Under the hood of Redis: Hash Table (Part 2) and List
Last time, we ended up storing that 1,000,000 keys stored using ziplist took 16 mb of RAM, while in dict the same data required 104 mb (ziplist is 6 times smaller!). Let's figure it out at what cost:

So ziplist is a doubly linked list. Unlike a regular linked list, here the links in each node point to the previous and next node in the list. On a doubly linked list, you can effectively move in any direction - both to the beginning and to the end. In this list, it is easier to delete and rearrange elements, since the addresses of those elements of the list whose pointers are directed to the variable element are easily accessible. Redis developers position their implementation as memory efficient. The list can store strings and integers, while the numbers are stored in the form of numbers, not redisObject with a value. And if you want to save the string “123” it will be saved as the number 123, and not a sequence of characters `1`,` 2`, `3`.
In the 1.x branch of Redis, instead of dict, the dictionary used zipmap - a straightforward (~ 140 lines) implementation of a linked list, optimized to save memory, where all operations occupy O (n). This structure is not used in Redis (although it is in its source code and is kept up to date), while part of the zipmap ideas formed the basis of the ziplist.
The key and values are stored as located one after another in the list. Operations on the list are a search for the key, through enumeration and work with the value, which is located in the next element of the list. Theoretically, insert and change operations are performed for constant O (1) . In fact, any such operation in the implementation of Redis requires allocation and redistribution of memory, and the real complexity directly depends on the amount of memory used already. In this case, remember O (1) as an ideal case and O (n) as the worst.
+-------------+------+-----+-------+-----+-------+-----+
| Total Bytes | Tail | Len | Entry | ... | Entry | End |
+-------------+------+-----+-------+-----+-------+-----+
^
|
+-------------------+--------------+----------+------+-------------+----------+-------+
| Prev raw len size | Prev raw len | Len size | Len | Header size | Encoding | Value |
+-------------------+--------------+----------+------+-------------+----------+-------+
#define ZIPLIST_HEADER_SIZE (sizeof(uint32_t)*2+sizeof(uint16_t))
typedef struct zlentry {
unsigned int prevrawlensize, prevrawlen;
unsigned int lensize, len;
unsigned int headersize;
unsigned char encoding;
unsigned char *p;
} zlentry;
Let's calculate its size.
The answer to the question how much memory will actually be used depends on the operating system, the compiler, the type of your process and the allocator used (in redis, jemalloc by default). I give all further calculations for redis 3.0.5 assembled on a 64 bit server running centos 7.

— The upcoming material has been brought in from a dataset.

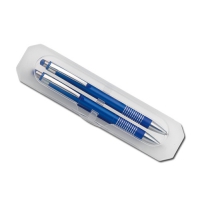 Set mit Kunststoffkugelschreiber und Druckbleistift in Geschenkbox, blauschreibende Mine.

With the header, everything is simple - this is ZIPLIST_HEADER_SIZE (constant, defined in ziplist.c and equal to sizeof (uint32_t) * 2 + sizeof (uint16_t) + 1 ). The size of the element is 5 * size_of (unsigned int) + 1 + 1 at least 1 byte per value . General overhead for storing data in this encoding for n elements (excluding value):
12 + 21 * n
Each element begins with a fixed header, consisting of several pieces of information. The first is the size of the previous item and is used to go backward through a doubly linked list. Second, the encoding with the optional length of the structure itself in bytes. The length of the previous element works as follows: if the length does not exceed 254 bytes (it is the constant ZIP_BIGLEN) then 1 byte will be used to store the length of the value. If the length is greater than or equal to 254, 5 bytes will be used. In this case, the first byte will be set to the constant value ZIP_BIGLEN, so that we understand that we have a long value. The remaining 4 bytes store the length of the previous value. The third is the header, which depends on the value contained in the node. If the string value is the first 2 bits of the header, the header fields will store the encoding type for the string length, followed by a number with the string length. If significant - integer, the first 2 bits will be set to one. For numbers, 2 more bits are used, which determine what dimension the whole is stored in it.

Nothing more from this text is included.